Same model performs very diferent in Keras and Flux

In a class I'm taking, the professor gave us two datasets, one of 301 late-type galaxies and the other one of 301 early-type galaxies, and we build a model in Keras so it can differentiate them:

input_img = Input(shape=(128,128,3))

x = Conv2D(filters = 16, kernel_size= (3,3), strides = (1,1), activation='relu', padding = 'same')(input_img)
x = MaxPooling2D((2,2),padding = 'same')(x)

x = Conv2D(filters = 32, kernel_size= (3,3), strides = (1,1), activation='relu', padding = 'same')(x)
x = MaxPooling2D((2,2),padding = 'same')(x)

x = Conv2D(filters = 64, kernel_size= (3,3), strides = (1,1), activation='relu', padding = 'same')(x)
x = MaxPooling2D((2,2),padding = 'same')(x)

x = Flatten()(x)
x = Dense(32, activation = 'relu')(x)
x = Dropout(0.3)(x)
x = Dense(16, activation = 'relu')(x)
out = Dense(1, activation = 'sigmoid')(x)

model = Model(inputs = input_img, outputs = out)
model.compile(loss = 'binary_crossentropy', optimizer = 'adam', metrics = ['accuracy'])
history = model.fit(X_train, Y_train, batch_size = 32, epochs = 20)

Since I like Julia more than Python, I tried to build the same model in Flux.jl and according to what I read in the Flux Docs this is what the Flux model looks like:

model2 = Chain(            
    Conv((3, 3), 3 => 16, relu, pad=SamePad(), stride=(1, 1)),
    MaxPool((2,2), pad=SamePad()),
    Conv((3, 3), 16 => 32, relu, pad=SamePad(), stride=(1, 1)),
    MaxPool((2,2), pad=SamePad()),
    Conv((3, 3), 32 => 64, relu, pad=SamePad(), stride=(1, 1)),
    MaxPool((2,2), pad=SamePad()),
    Flux.flatten,
    Dense(16384 => 32, relu),
    Dense(32 => 16, relu),

    Dense(16 => 1),
    sigmoid
)

But when I train the models in what I think are the same conditions, I get very different results. In Keras the final lost after 20 Epochs is loss: 0.0267 and in Flux after 30 Epochs the loss is 0.4082335f0, so I don't know where this difference in loss could come from since I'm using the same batch size in both models and the data treatment is the same (I think). Python:

X1 = np.load('/home/luis/Descargas/cosmo-late.npy')
X2 = np.load('/home/luis/Descargas/cosmo-early.npy')
X = np.concatenate((X1,X2), axis = 0).astype(np.float32)/256.0
Y = np.zeros(X.shape[0])
Y[0:len(X1)] = 1
rand_ind = np.arange(0,X.shape[0])
np.random.shuffle(rand_ind)
X = X[rand_ind]
Y = Y[rand_ind]
X_train = X[50:]
Y_train = Y[50:]
X_test = X[0:50]
Y_test = Y[0:50]

Julia:

X1 = npzread("./Descargas/cosmo-late.npy")
X2 = npzread("./Descargas/cosmo-early.npy")
X = cat(X1,X2,dims=1)
X = Float32.(X)./256
Y = zeros(1,size(X)[1])
Y[1,1:length(X1[:,1,1,1])] .= 1
ind = collect(1:length(Y[1,:]))
shuffle!(ind)
X = X[ind,:,:,:]
Y = Y[:,ind]
X_train = X[51:length(X[:,1,1,1]),:,:,:]
Y_train = Y[:,51:length(Y)]
X_test = X[1:50,:,:,:]
Y_test = Y[:,1:50]
X_train = permutedims(X_train, (2, 3, 4, 1))
X_test = permutedims(X_test, (2, 3, 4, 1))

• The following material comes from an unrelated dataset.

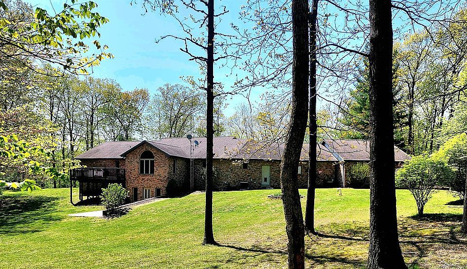 You've got an amazing sprawling ranch house with a walkout basement. It's set back 1/4 mile off the main highway and very private with the big machine shed and 4 car garage we all need. This house also has a commercial grade endless water heater for those long showers, blue tooth speaker in the bathroom as well. Besides being brick it's insulated very well and the utility bill reflects it. Also down stairs there's a theater room with a projector television set up also. As for the machine shed it's 54 feet long and 90 feet wide. So if you want that large brick house with the walkout basement, 4 car garage and the big machine shed as well as the acres you've found your dream home. Also this home has 1.5 acres underground wired fence and for the dogs. Works amazing (invisible fence)

And the training in Julia goes:

train_set = Flux.DataLoader((X_train, Y_train), batchsize=32)
loss(x, y) = Flux.logitbinarycrossentropy(x, y)
opt = Flux.setup(Adam(), model2)
loss_history = Float32[]

for epoch = 1:30
    Flux.train!(model2, train_set, opt) do m,x,y
        err = loss(m(x), y)
        ChainRules.ignore_derivatives() do
            push!(loss_history, err)
        end
        return err
    end
end

Can anyone pls help me, I can't figure it out.

Solution

Based on my comment about skipping sigmoid when using logitbinarycrossentropy, I had a quick go at testing this for some scrap data, and with your current implementation I also ended up at 0.5 ish loss, while after removing the sigmoid I reached much lower values.

You can also choose to keep the sigmoid and use binarycrossentropy instead, though it seems that is not as numerically stable so it is better to do it with logitbinarycrossentropy.